→ **DATASET EXTRACT**:

- Opening Delimiter -

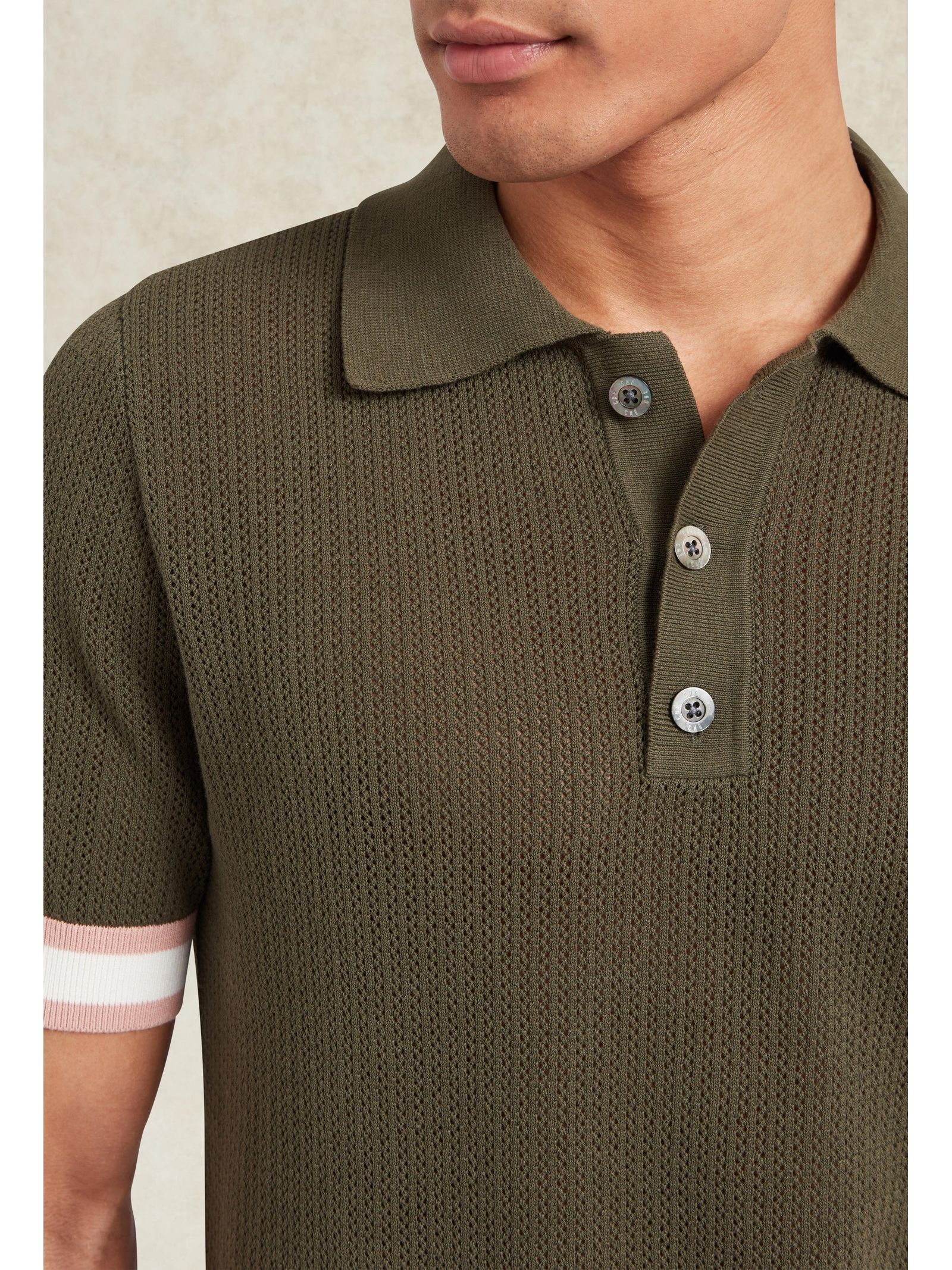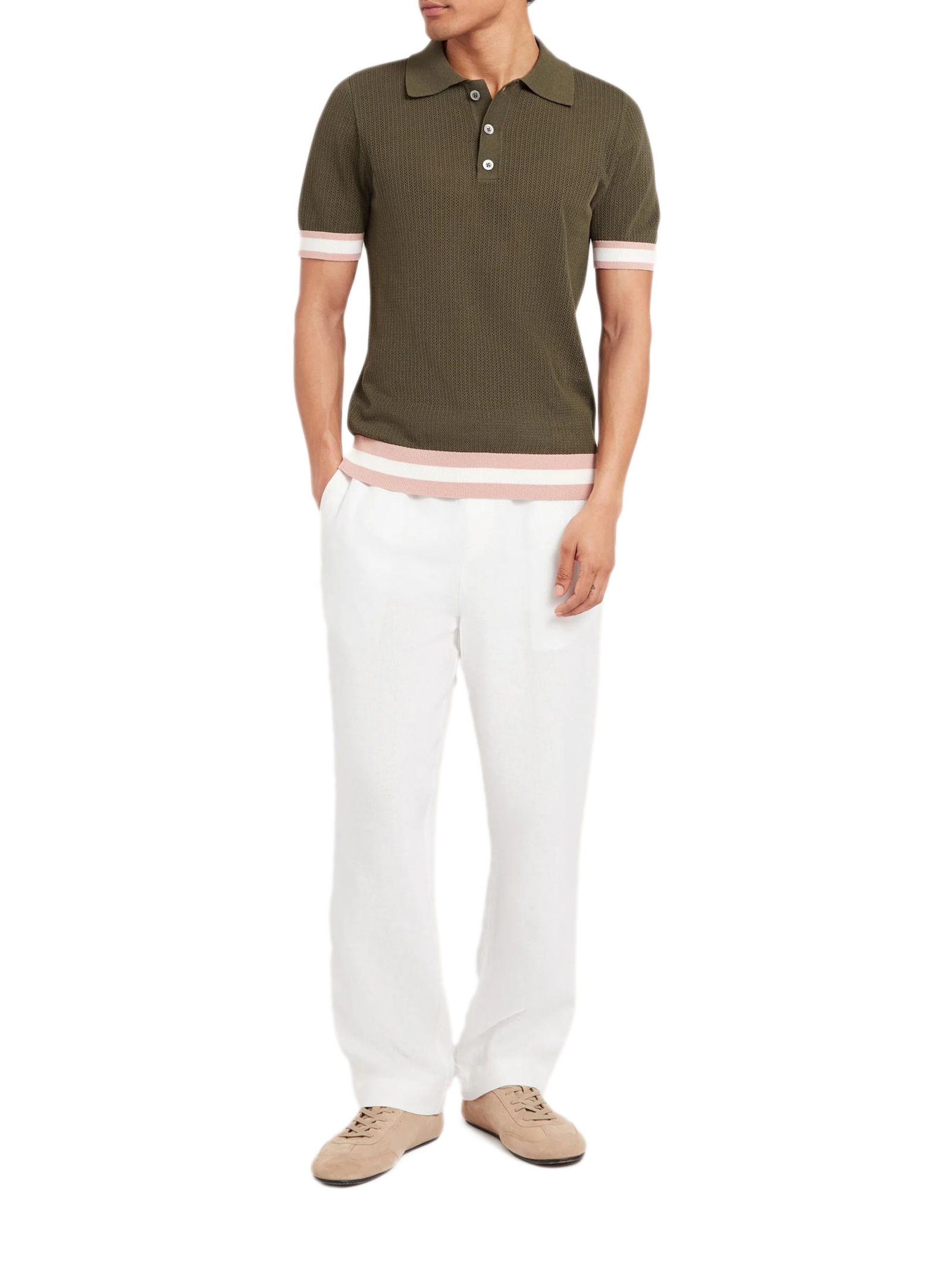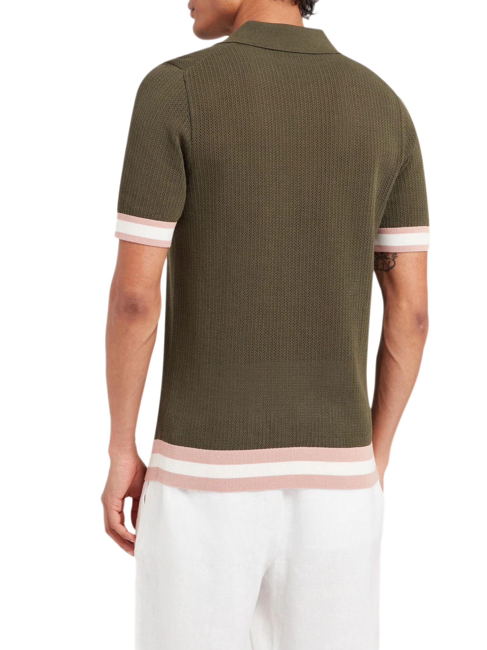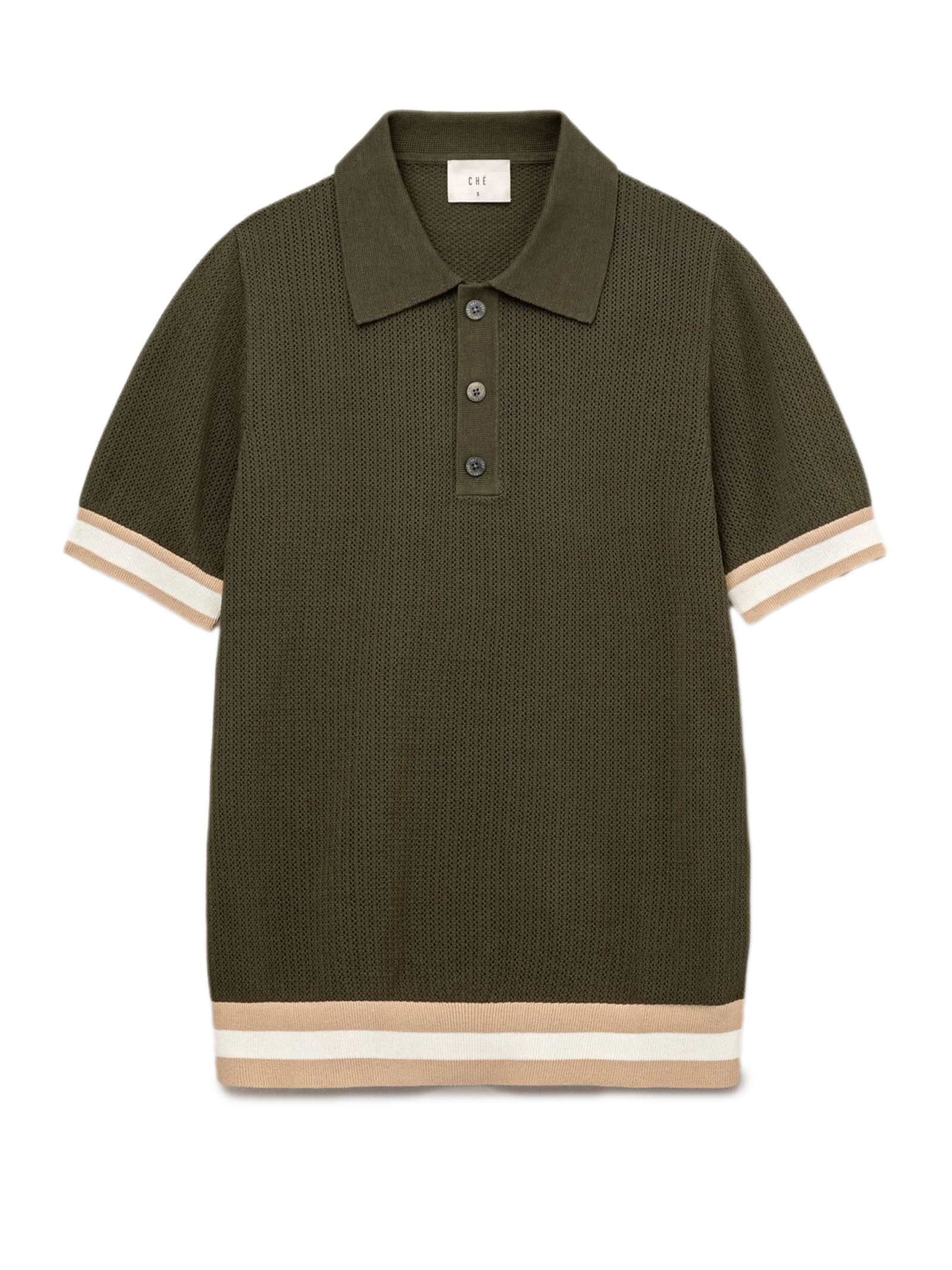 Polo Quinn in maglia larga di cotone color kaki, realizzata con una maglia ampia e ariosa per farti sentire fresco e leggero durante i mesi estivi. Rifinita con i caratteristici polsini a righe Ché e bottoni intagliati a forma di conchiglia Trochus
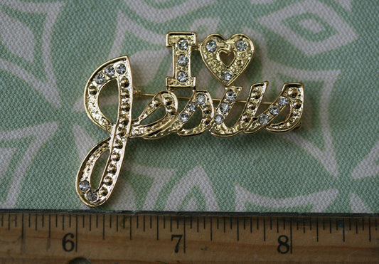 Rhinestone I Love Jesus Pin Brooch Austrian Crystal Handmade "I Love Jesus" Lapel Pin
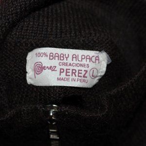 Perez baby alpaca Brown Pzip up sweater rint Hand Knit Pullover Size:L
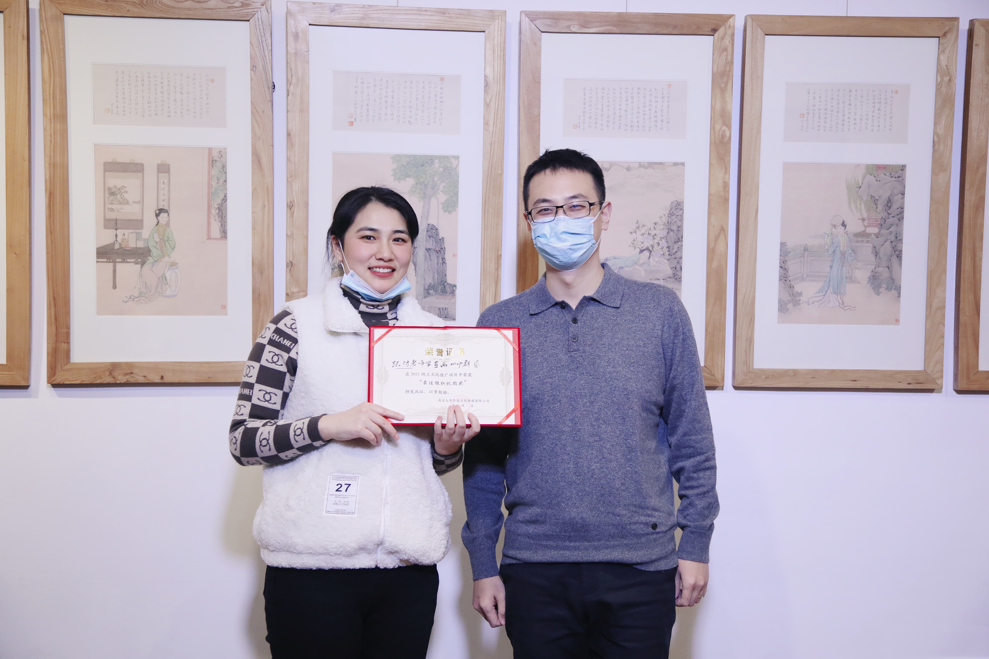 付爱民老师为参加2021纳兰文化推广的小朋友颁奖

- Closing Delimiter -

→ **YOUR ASSIGNMENT**:
Could you give back the full listing word for word, leaving out the images?

→ **REPLY TO THE TASK**:
 Polo Quinn in maglia larga di cotone color kaki, realizzata con una maglia ampia e ariosa per farti sentire fresco e leggero durante i mesi estivi. Rifinita con i caratteristici polsini a righe Ché e bottoni intagliati a forma di conchiglia Trochus
 Rhinestone I Love Jesus Pin Brooch Austrian Crystal Handmade "I Love Jesus" Lapel Pin
 Perez baby alpaca Brown Pzip up sweater rint Hand Knit Pullover Size:L
 付爱民老师为参加2021纳兰文化推广的小朋友颁奖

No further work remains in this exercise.